Untuk gas, cadangan konvensionalnya adalah gas kualitas tinggi (high quality
gas), sedangkan cadangan nonkonvensionalnya adalah CBM, shale gas, gas mutu
rendah, dan tight gas. Batubara adalah salah satu batuan sedimen organik yang
memiliki kemampuan menyimpan gas dalam jumlah yang banyak, karena
permukaannya mempunyai kemampuan mengadsorpsi gas. Meskipun batubara
berupa benda padat dan terlihat seperti batu yang keras, tapi di dalamnya banyak
sekali terdapat pori-pori yang berukuran lebih kecil dari skala mikron. Kondisi
inilah yang menyebabkan permukaan batubara mampu menyerap gas dalam
jumlah yangbesar. Jika tekanan gas semakin tinggi, maka kemampuan batubara
untuk mengadsorpsi gas juga semakin besar.
Gas metana batubara itu sendiri adalah gas yang terbentuk pada saat
proses pembatubaraan (coalification) yang tersusun atas gas metana mencapai
angka lebih besar dari 80%. Gas tersebut tersimpan di dalam matriks batubara
akibat penyerapan dari batubara tersebut. Gas metana batubara terbentuk akibat
dekomposisi dari bahan-bahan kayu pada saat pengendapan gambut di rawa-rawa.
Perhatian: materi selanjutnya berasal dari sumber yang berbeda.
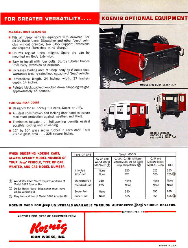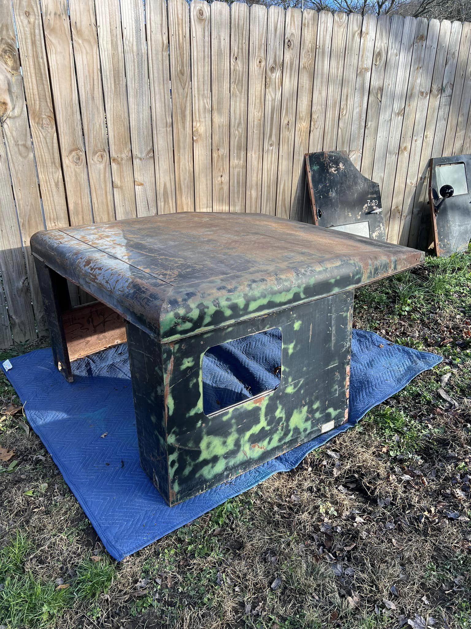 “I have three complete Koenig Model 330 steel full hard tops for sale. They all fit CJ2A’s. Normal wear and tear for 70+ yr old Jeep tops. Only rust through are minimal spots on a couple of the sections that bolt to the tub. Two exterior door handles missing. All interior window mechanisms complete and present. The black top has rare rear ambulance doors.
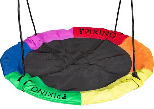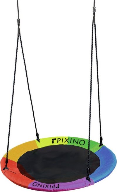 Hojdací kruh Čapí hniezdo PIXINO vo farebnom prevedení je ideálny pre vonkajšie aj vnútorné použitie a Vaše deti si ho zamilujú. Sedadlo hojdačky je vyrobené z vysoko kvalitného polyesteru, ktorý je odolný voči poveternostným vplyvom a opotrebovaniu. Pozinkovaný rám je chránený penovým polstrovaním tak, aby bolo Vaše dieťa v bezpečí a zároveň malo pohodlie pri hojdaní. Čapí hniezdo má priemer sedadla 110 cm a maximálnu nosnosť 150 kg . Dve závesné laná sú výškovo nastaviteľné, a to až do 160 cm. Hrúbka závesných lán je 1 cm. Hojdačka sa zavesuje za kovové krúžky, ktoré sú prevlečené na závesných lanách. Vhodné pre deti od 3 rokov.
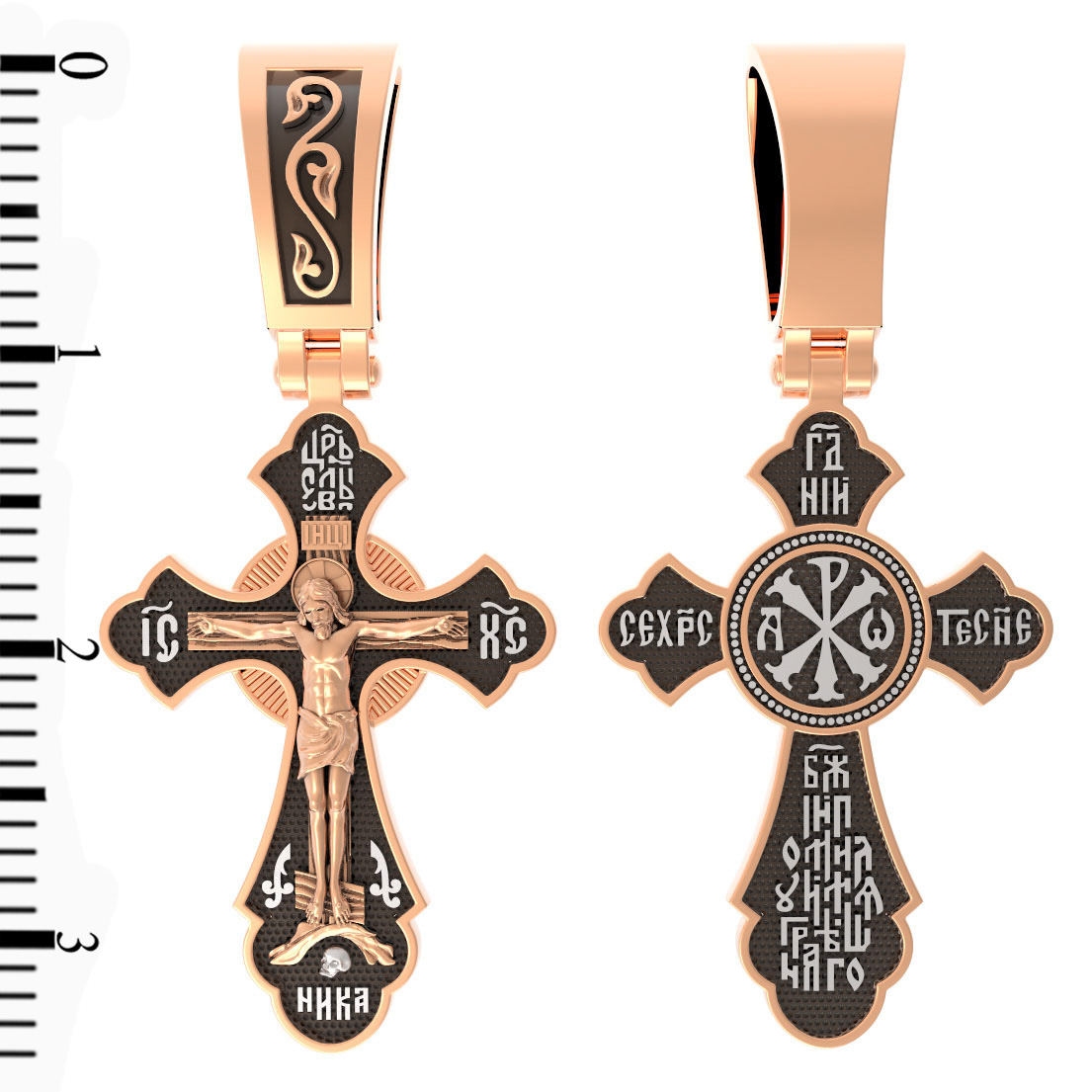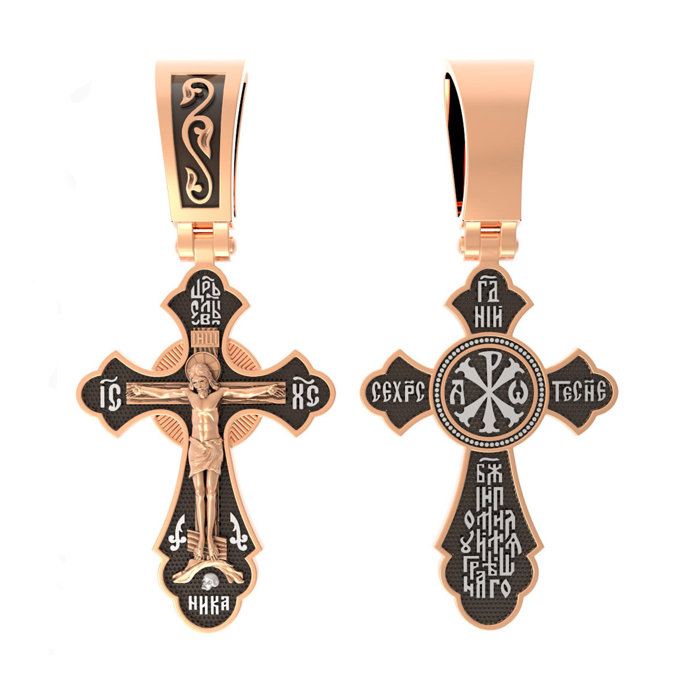 На лицевой стороне креста изображено Распятие, потому что это орудие казни Иисус Христос сделал орудием победы над грехом и смертью. Своими страданиями Он искупил грехи человечества, умерев и сошествовав во ад, победил сатану, освободил души праведников от вечной смерти и открыл им небесные врата рая. Жертва Христа сделала возможным спасение для каждого человека. На православном кресте Христос не умирает, а свободно простирает руки, ладони Иисуса открыты, будто он хочет обнять все человечество, даря им свою любовь и открывая путь к вечной жизни. Над титлом видим слова «ЦРЬ СЛВЫ» — Царь Славы. Верхняя перекладина символизирует собой табличку с надписью «IHЦI» — Иисус Назарянин Царь Иудейский. Над перекладиной пишется сокращенно имя Спасителя «IC XC» — Иисус Христос. В нижней части располагается надпись «НИКА» (греч. — Победитель). Возвышение, на котором стоит Крест, символизирует гору Голгофу, на которой произошло Распятие. У подножия Креста изображают прах Адама, обозначенный черепом.
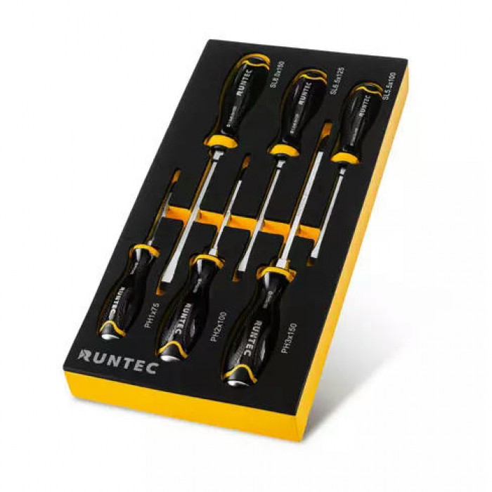 Набор профессиональных отверток с повышенным рабочим ресурсом отличающихся особой прочностью, надежностью и долговечностью. Поставляется в ложементе из полимерного материала EVA 185x375x40 мм.
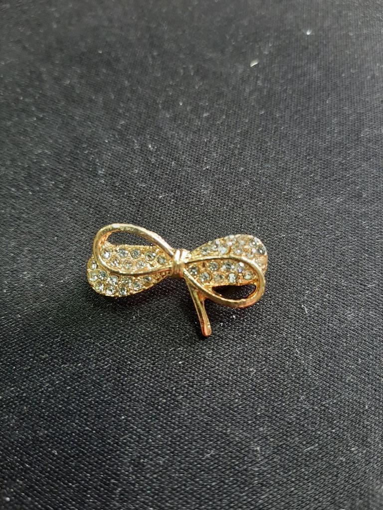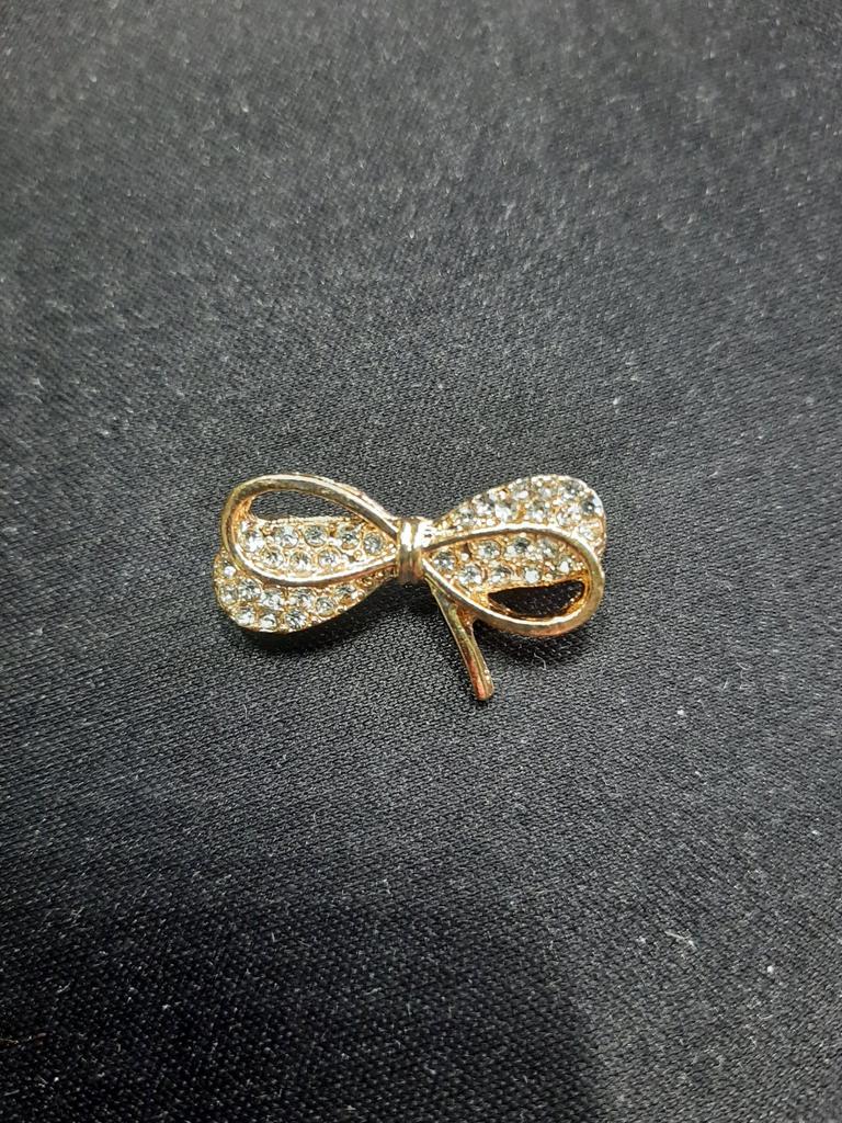 O broșă drăguță, minusculă, de 15 mm, cu pietre strălucitoare și un ac ca un ac
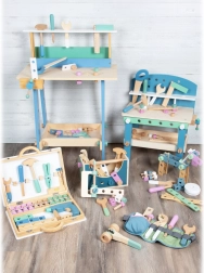 Stílusos, skandináv dizájnú fa munkapad, amely fejleszti a gyerekek fantáziáját és készségeit. Tartalmaz 21 kiegészítőt, praktikus polcot a szerszámok tárolásához és kompakt méreteket, ideális a gyerekszobába. A gyerekek valósághű játékot élhetnek át a fa szerszámokkal, miközben fejlődik a finommotorikájuk.
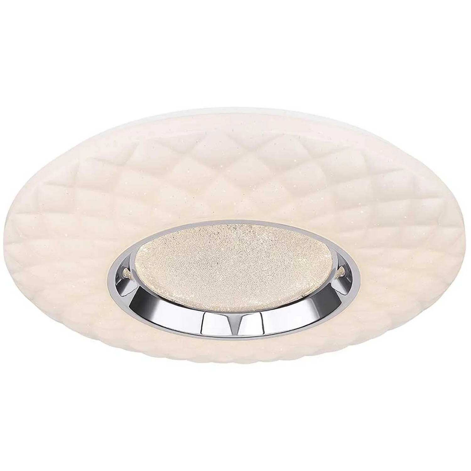 Die exklusive Deckenleuchte Magnifique aus opal-weissem Acryl mit Sparkle-Dekor punktet mit Leistung und Funktionalität. Durch die klaren Glaskristalle in der Mitte wird dem Raum ein besonderer Glanz verliehen. Mittels der inkludierten Fernbedienung kann die Lichtfarbe in mehreren Stufen zwischen angenehmen warmweissen 3’000 K und kaltweissen 6’000 K reguliert und fixiert werden. Die Leuchte kann nach Belieben gedimmt und der jeweiligen Situation angepasst werden. Zudem verfügt sie über eine Nachtlichtfunktion. Diese Smartlight-Leuchte lässt sich ausserdem mittels Tuya Smart App (Android TM/IOS) bedienen. Die Sprachsteuerung erfolgt unkompliziert mit Amazon Echo oder Google Home.
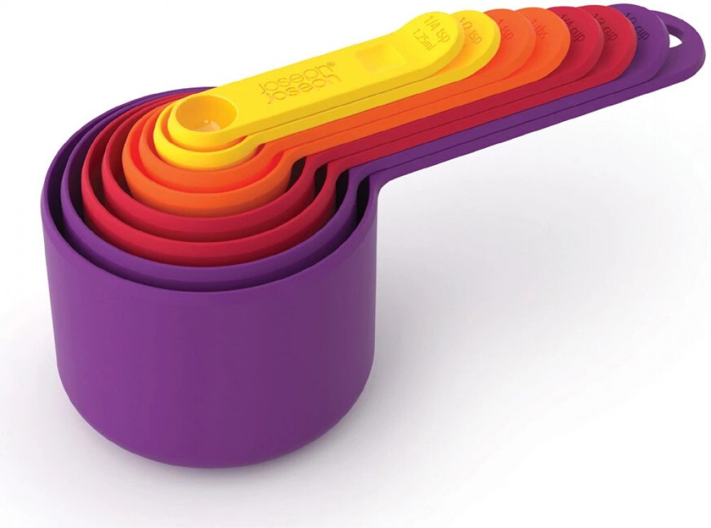 8-mi dílná sada odměrek JOSEPH JOSEPH Nest Measure – od 1 čajové lžičky (1,25ml) do 1 šálku (250ml). Díky kompaktnímu designu nezabírá místo v zásuvce - odměrky se nacvakávají jedna na druhou pomocí výstupků v držadlech. Lze mýt v myčce.
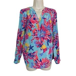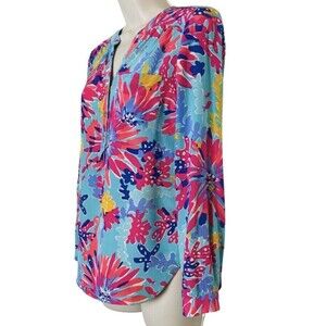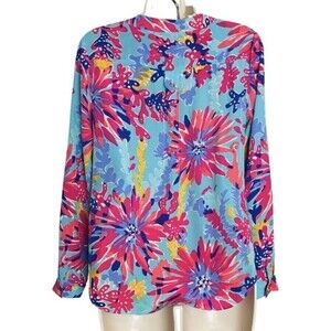 Lilly Pulitzer Trippin and Sippin Elsa Silk Popover Blouse Size XS Pink Flowers Pattern is Trippin and Sippin featuring Beach Theme elements...

3.5.1 Coal Bed Methane System


Berbeda dengan sistem yang terdapat pada minyak bumi (petroleum
system) yang membutuhkan batuan sumber (source rock), batuan penyimpan
(reservoir) dan batuan penutup (seal) pada litologi dan umur yang berbeda, pada
sistem CBM hanya membutuhkan satu komponen yaitu batubara itu sendiri.
Batubara bertindak sebagai batuan sumber, batuan penyimpan dan batuan penutup
pada saat bersamaan. Hal ini dikarenakan gas metana yang terdapat pada batubara
adalah gas yang terserap dan menempel di permukaan batubara dan berpindah
melalui media bidang belah (cleat) pada batubara, bukan gas bebas yang bisa
bermigrasi seperti yang terdapat dalam sistem minyak bumi.

52
1. Batuan Sumber (SourceRock)

Batuan sumber adalah batuan yang merupakan tempat minyak dan gas
bumi terbentuk. Pada umumnya batuan sumber ini berupa lapisan serpih
(shale) yang tebal dan mengandung material organik. Secara statistik
disimpulkan bahwa prosentasi kandungan hidrokarbon tertinggi terdapat pada
serpih, yaitu 65%, batugamping 21%, napal 12% dan batubara 2% material
organik dalam batuan sedimen secara umum dipengaruhi oleh beberapa faktor
(Koesoemadinata,1980) antara lain lingkungan pengendapan dimana kehidupan
organisme berkembang secara baik, sehingga material organik terkumpul,
pengendapan sedimen yang berlangsung secara cepat, sehingga material
organik tersebut tidak hilang oleh pembusukan dan atau teroksidasi. Faktor lain
yang juga mempengaruhi adalah lingkungan pengendapan yang berada pada
lingkungan reduksi, dimana sirkulasi air yang cepat menyebabkan tidak
terdapatnya oksigen. Dengan demikian material organik akan terawetkan.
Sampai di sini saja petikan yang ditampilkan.